Concretely, that habit probably started with one guy, one day, who realized he had no way to get to the driver to pay for the ticket because the bus was too crowded (or that he was simply too lazy to go), then decided to try his luck by sending some money over, that he was going to flip a coin and trust every single individual on the way with his money and make it circulate freely among them.

And, surprisingly, it worked.

It would never have happened in France. More, people would have considered you stupid for even trying. They would likely consider you deserve to be stolen if you’re naive enough to hand over some money to complete strangers. Because what will you do if you never receive your ticket back?
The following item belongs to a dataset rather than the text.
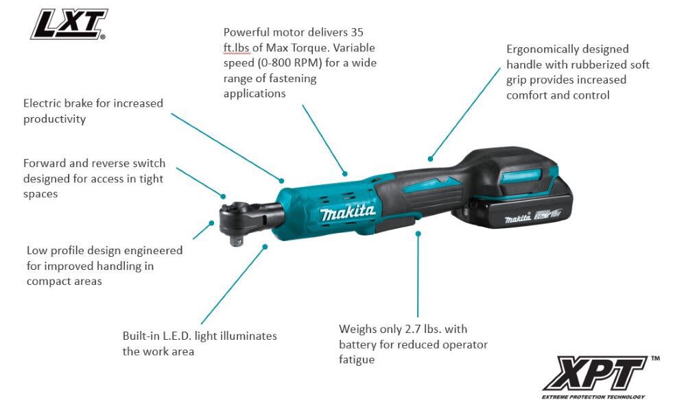 When the motor is not engaged, the ratchet can be used manually. ItÄôs part of MakitaÄôs expanding 18V LXT System, the worldÄôs largest cordless tool system powered by 18V lithium-ion slide-style batteries.
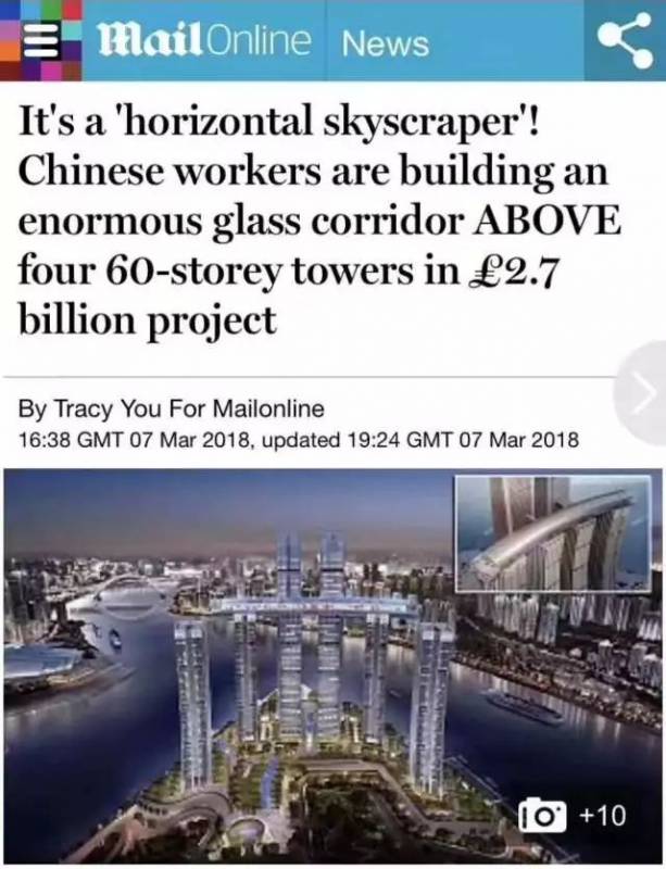 “中国建筑工人即将建成耗资27亿英镑的巨型商业建筑群,在1000英尺高的楼顶还盖了一座令人难以置信的‘横向摩天大楼’”

Ask the whole bus where it disappeared? What if someone tells you, yes, I took your money? What are you going to do about it? Get angry? It will be a pathetic show if, as it is very likely, he is not impressed at all. Be violent? Out of moral implications, go ahead, risk a criminal record, pay 1000euros in damages, all of that to get 20 cents back (or 2euros). That is, in the eventuality, you actually ‘win’ them back instead of simply ending up with a broken nose. Call the police? They won’t even come. And if they would, it would be to laugh in your face. You can just either go get another ticket, or sit back and pray no controller shows up, in shame.

But in Ukraine, it worked. And not only did it work the first time. It worked a second, a third…. Until some people decided to follow up, slowly developing into a general habit. It means that the ticket going back and forth was not a statistical aberration of one lucky dude. It means the bond of trust between individuals in Ukraine is strong enough to trust each other with their money on a daily basis. It means they respect each other enough to consider that this habit shouldn’t be abused, that you shouldn’t sit on the bus, wait for one ticket to get to you, and just use it for yourself, or this habit would be short-lived.

I am not sure if it sticks together because of some kind of auto censure, a culture of mutual social surveillance, or some generally shared ethics. It actually happened also several times that some people checked on tickets that didn’t belong to them at all (‘Did you pass over the tickets I gave you money for already?’). It is very possible that such a gesture is made possible only because, in case of abuse, people would collectively pressure the abuser. Taking him out of the tram for example. It nonetheless means that the incentive to protect that possibility of cooperation is stronger than simple social inertia and/or apathy (‘this is none of my business’).

And that’s somehow all together beautiful, coherent, poetic, and a bit scary.